Created on 2022-07-13 by the reprex package (v2.0.1)

Removing sf, running TRUE/FALSE:

library(dataRetrieval)
remove.packages('sf')
#> Removing package from '/Library/Frameworks/R.framework/Versions/4.2/Resources/library'
#> (as 'lib' is unspecified)
#> Error in find.package(pkgs, lib): there is no package called 'sf'
findNLDI(wqp = "TCEQMAIN-10016",
         nav = "UM",
              find = "nwissite",
              distance_km = 2,
              no_sf = TRUE)
#>             sourceName     identifier    comid                     name
#> 1 Water Quality Portal TCEQMAIN-10016 19970652 DIXON CREEK NE OF BORGER
#>           X       Y
#> 1 -101.3427 35.7422

findNLDI(wqp = "TCEQMAIN-10016",
         nav = "UM",
         find = "nwissite",
         distance_km = 2,
         no_sf = FALSE)
#>             sourceName     identifier    comid                     name
#> 1 Water Quality Portal TCEQMAIN-10016 19970652 DIXON CREEK NE OF BORGER
#>           X       Y
#> 1 -101.3427 35.7422

Created on 2022-07-13 by the reprex package (v2.0.1)

Source of message:

https://github.com/USGS-R/dataRetrieval/blob/7182605f9f45574b768cd21bca376f5678688da6/R/findNLDI.R#L118

mikejohnson51 avatar Jul 13 '22 14:07 mikejohnson51

@mps9506 and @EthanGrahn can you try installing again and see if it looks better?

remotes::install_github("USGS-R/dataRetrieval")

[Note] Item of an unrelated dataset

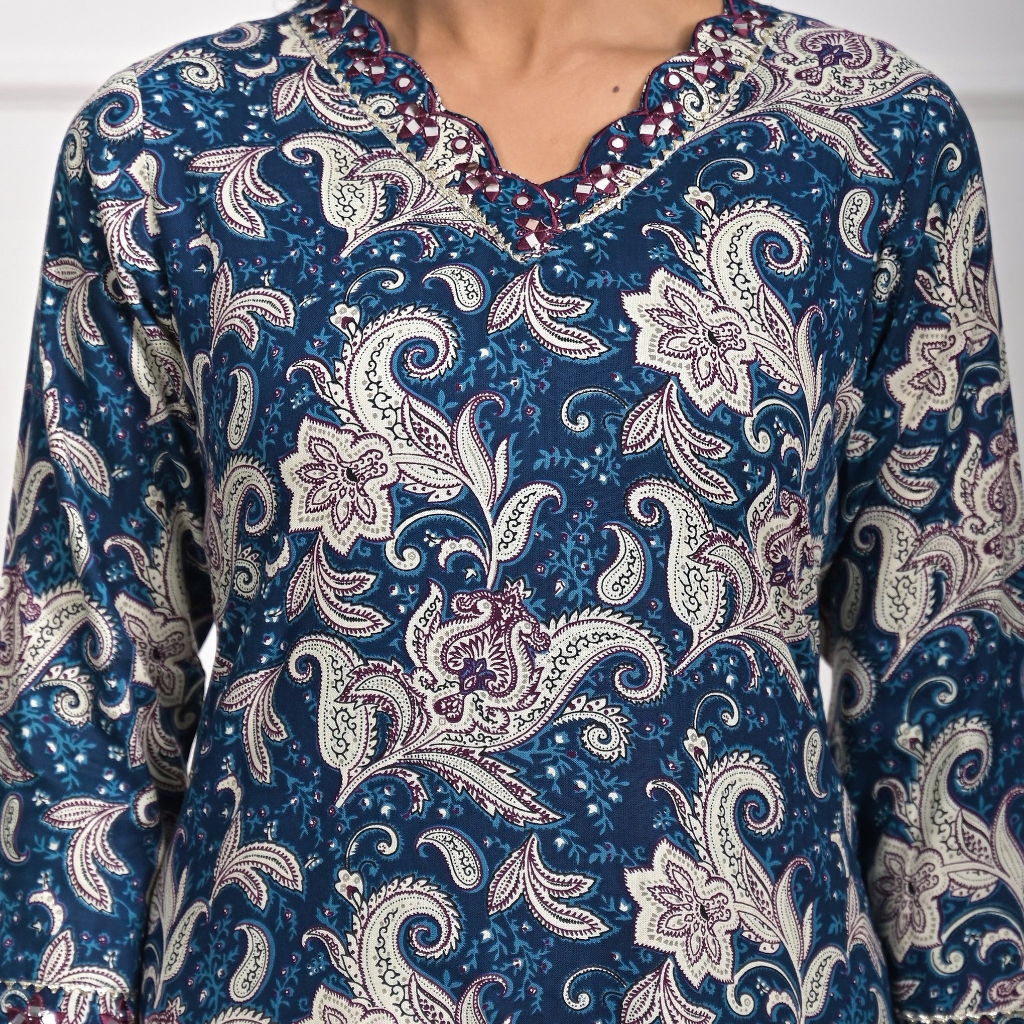 Packet Includes:1x Rayon Blue Kurta with Dupatta and pajama

ldecicco-USGS avatar Jul 14 '22 21:07 ldecicco-USGS

I think this works well. I hesitate to ask since I'm not doing any of the work here. But should findNLDI always return a list or is a sf/tbl ok?

Valid result:

findNLDI(wqp = "TCEQMAIN-10032",
         nav = "UM",
         find = "nwissite",
         distance_km = 2,
         no_sf = TRUE) |> 
  str()

# List of 2
#  $ origin     :'data.frame':	1 obs. of  6 variables:
#   ..$ sourceName: chr "Water Quality Portal"
#   ..$ identifier: chr "TCEQMAIN-10032"
#   ..$ comid     : chr "19972126"
#   ..$ name      : chr "CANADIAN RIVER AT US 60-83"
#   ..$ X         : num -100
#   ..$ Y         : num 35.9
#  $ UM_nwissite:'data.frame':	1 obs. of  8 variables:
#   ..$ sourceName: chr "NWIS Surface Water Sites"
#   ..$ identifier: chr "USGS-07228000"
#   ..$ comid     : chr "19972126"
#   ..$ measure   : num 79.5
#   ..$ reachcode : chr "11090106000027"
#   ..$ name      : chr "Canadian Rv nr Canadian, TX"
#   ..$ X         : num -100
#   ..$ Y         : num 35.9

compared to:

findNLDI(wqp = "TCEQMAIN-10016",
         nav = "UM",
         find = "nwissite",
         distance_km = 2,
         no_sf = FALSE) |> 
  str()

# sf [1 × 7] (S3: sf/tbl_df/tbl/data.frame)
#  $ sourceName: chr "Water Quality Portal"
#  $ identifier: chr "TCEQMAIN-10016"
#  $ comid     : chr "19970652"
#  $ name      : chr "DIXON CREEK NE OF BORGER"
#  $ X         : num -101
#  $ Y         : num 35.7
#  $ geometry  :sfc_POINT of length 1; first list element:  'XY' num [1:2] -101.3 35.7
#  - attr(*, "sf_column")= chr "geometry"
#  - attr(*, "agr")= Factor w/ 3 levels "constant","aggregate",..: NA NA NA NA NA NA
#   ..- attr(*, "names")= chr [1:6] "sourceName" "identifier" "comid" "name" ...
# Warning message:
# No data returned for: https://labs.waterdata.usgs.gov/api/nldi/linked-data/wqp/TCEQMAIN-10016/navigation/UM/nwissite?f=json&distance=2 

mps9506 avatar Jul 14 '22 21:07 mps9506

I think it probably should -- I've only ever worked with no_sf TRUE or FALSE in isolation though so never really thought about the difference. Good catch. What do you think @ldecicco-USGS ?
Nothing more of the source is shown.